理学部紹介冊子
進化研究に活躍する深海生物の採集

表紙写真:カイロウドウケツモドキの骨格標本を持つ熊さん。深海に生息するカイロウドウケツモドキは最も原始的な多細胞動物のカイメンに属す。骨格はガラスであり,透明度は光ファイバーに匹敵する。現在,生物が体内で高純度のガラスをつくる分子機構の研究が進められている。

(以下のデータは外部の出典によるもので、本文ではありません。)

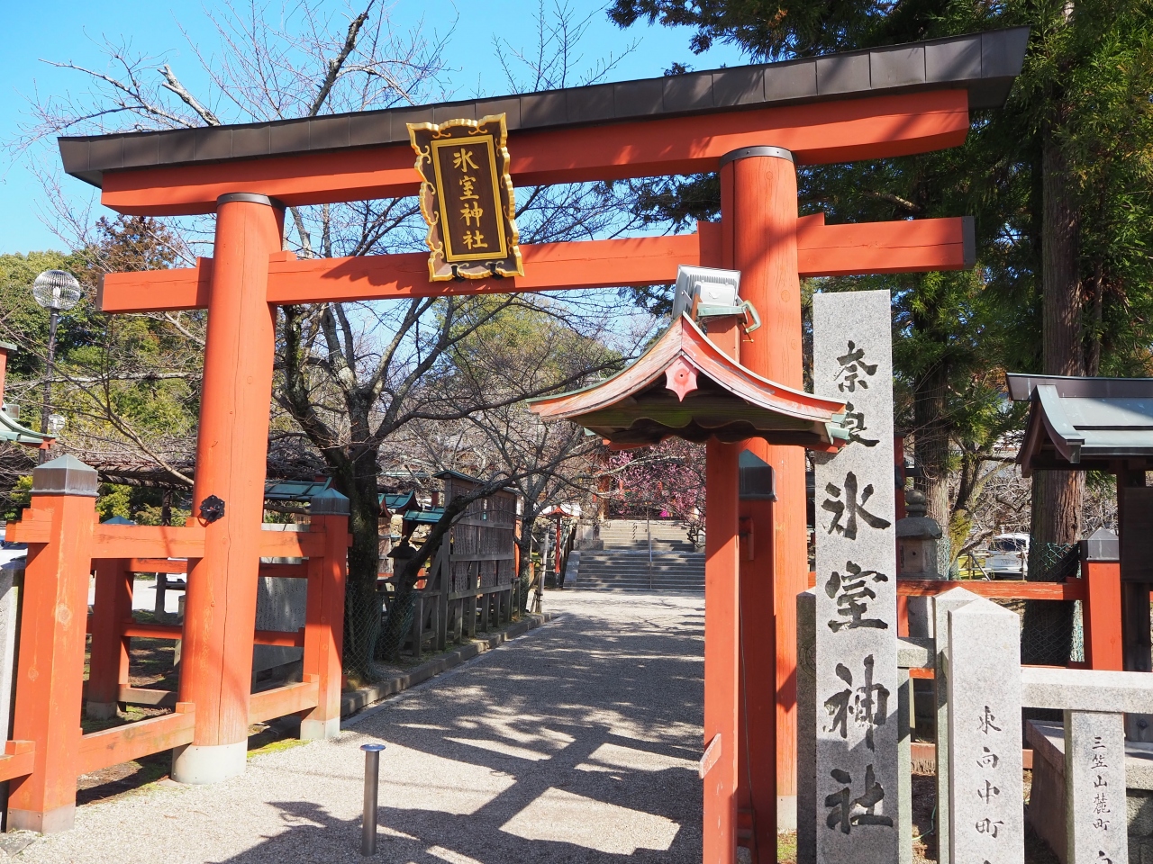 奈良駅から東大寺に向かう途中にあります。奈良時代に創建された神社で、氷の神を守ります。奈良時代には氷室で冬に作り、貯蔵した氷を春以降取り出し、使っていたそうです。現在は製氷機業者からの信仰が厚いそうです。
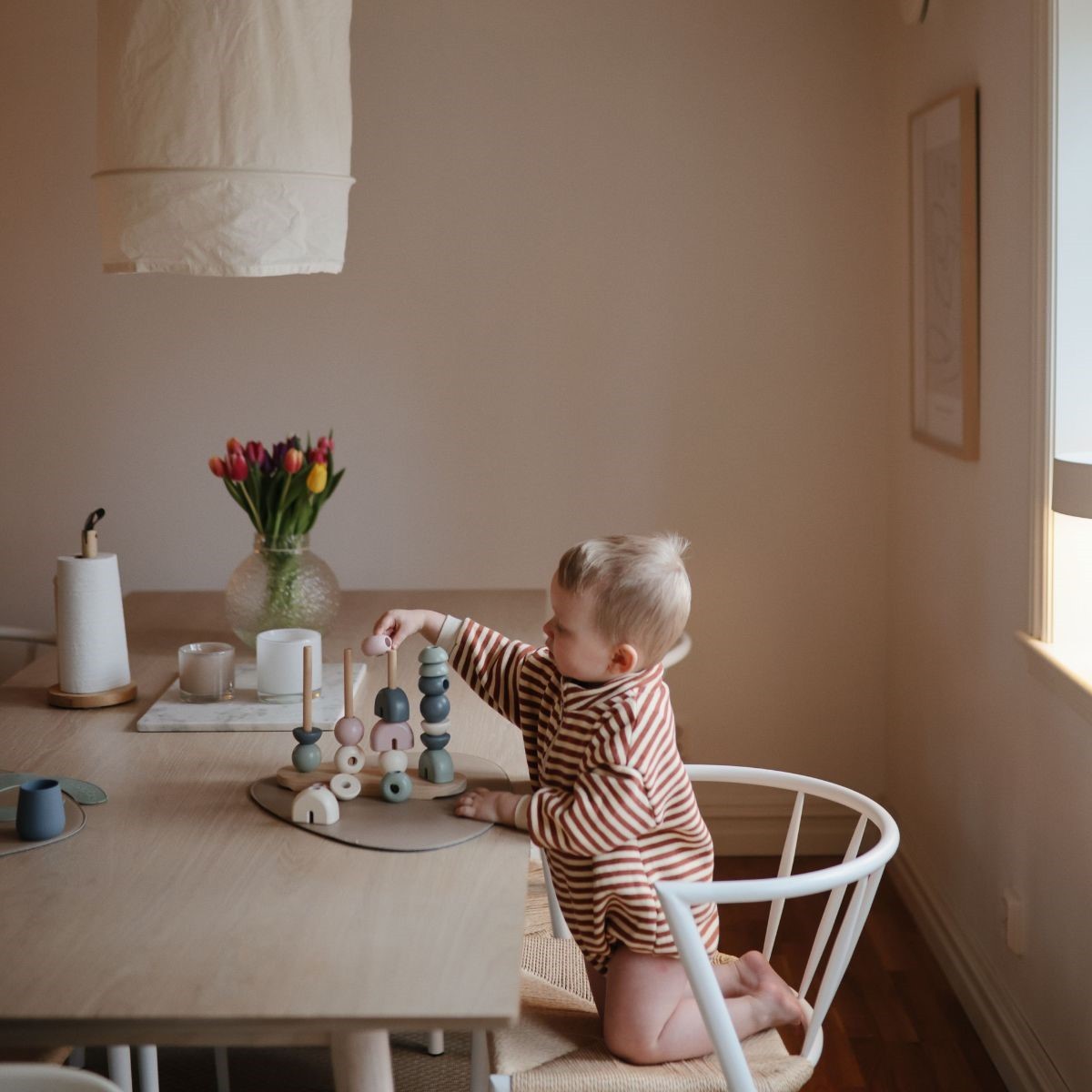 De stapelaar is gemaakt van FSC-gecertificeerd hout en afgewerkt met niet-giftige verf, voor een veilige en milieuvriendelijke speelervaring.

図1:降り注ぐマリンスノー(左)とテズルモズル(中:クモヒトデの仲間),ガラスカイメンの仲間(右)。いずれも動物。

裏表紙写真:オキナエビス。中生代の生きている化石。
現代の生命科学で用いられる実験生物は,飼育しやすく市販もされているモデル生物が多いが,非モデル生物が必要な分野も多い。単純な共通祖先から複雑で高度な生物が進化してきた仕組みを理解するには,多様な生物を研究対象とする必要がある。特に,生きている化石が多い深海生物は貴重な情報源である。ゲノムや,卵から成体になる発生とよばれる過程には進化の道筋が刻み込まれているからである。深い暗黒の世界にいる深海生物を発見するのは容易ではない。ましてや,生物を健全な状態で採集するのは,現代の海底探査ロボットを用いたとしても至難の業である。
明治時代,エンジンや,ウィンチもない時代に,新種の深海生物を次々と採集して世界を驚かせた匠がいた。伝説の採集人(現技術職員)の青木熊吉(愛称:熊さん,1864 - 1940)である(表紙)。創設されたばかりの東京大学は,動物学を発展させるために神奈川県三浦半島の先端の三崎に臨海実験所を設立し(1886年),漁師だった熊さんを採用した。当時は,ダーウィンの進化論が発表されて間もなく,進化論を検証するための調査が精力的に行われていた頃である。
熊さんが深海生物を次々と採集できた理由のひとつには,三崎周辺海域の世界的に稀な特性がある。暗黒の深海では光合成をする生物が育たない。有機物の供給源はマリンスノー(図1)とよばれる海面から降ってくるプランクトンの死骸であるが,大部分は海底に届く前に細菌により食べ尽くされる。有機物のない深海は,生物のいない海の砂漠が広がる。三崎臨海実験所が面する海は岸からほどなく急に深くなり,そのまま深海につながっている。広大な関東平野から東京湾を経由して流れ込む栄養塩類は,プランクトンの大増殖をもたらし,深海に降り積もるほどのマリンスノーとなる。十分な栄養が供給されるため,多くの種類の深海生物が繁栄し,生きている化石の採集を可能にする。
熊さんは,木造和船を海に漕ぎ出し,延縄(はえなわ)を海底に降ろした。延縄とは一本の幹縄に多数の枝縄がついた漁具である。普通,枝縄の先に釣り針を付けてマグロ漁などに使う。熊さんは重りをつけた底延縄を海底に沈め,潮の流れで船が動かされる力を利用して引きずり,生物を絡め取っていた。水深200メートルにも及ぶ深海に縄を沈め,たった一人の人力で引き上げるとは,想像に絶する体力である。
目的の生物はどこにでもいるわけではない。採集された位置を特定し,記録しなければ再び採集することはできない。海上には目印がなく,海図があるわけでもなく,ソナーも,GPSもない時代である。採集場所は「山立て」という方法で熊さんの頭に正確に記憶されていた。遠くに見える複数の山の位置関係をもとに自分のいる位置を知る方法である。熊さんの活躍に支えられた初代所長の箕作教授や2代目所長の飯島教授らの深海生物の研究は世界を驚かせ続けた。欧米からの標本採集の依頼も多く,大英博物館からは懸賞付きで中生代の生きている化石,巻貝のオキナエビス(裏表紙)の採集の依頼があった。熊さんが見事に採集し,家が建つほどの報奨金を受け取り,オキナエビスを「長者貝」と命名したことは有名な伝説になっている。
海の野生生物の採集は,大量に捕獲しやすい魚を獲る漁業とは異なる。研究に有用な生物は海底の岩穴の奥に生息するなど,採集が困難な場合が多い。研究者自身で入手することはほぼ不可能に近い。現代でも海の特定の生物種を,研究者のニーズに合わせて必要な量を提供できるのは,理学系研究科附属臨海実験所に,匠の技をもつ技術職員がいるからに他ならない。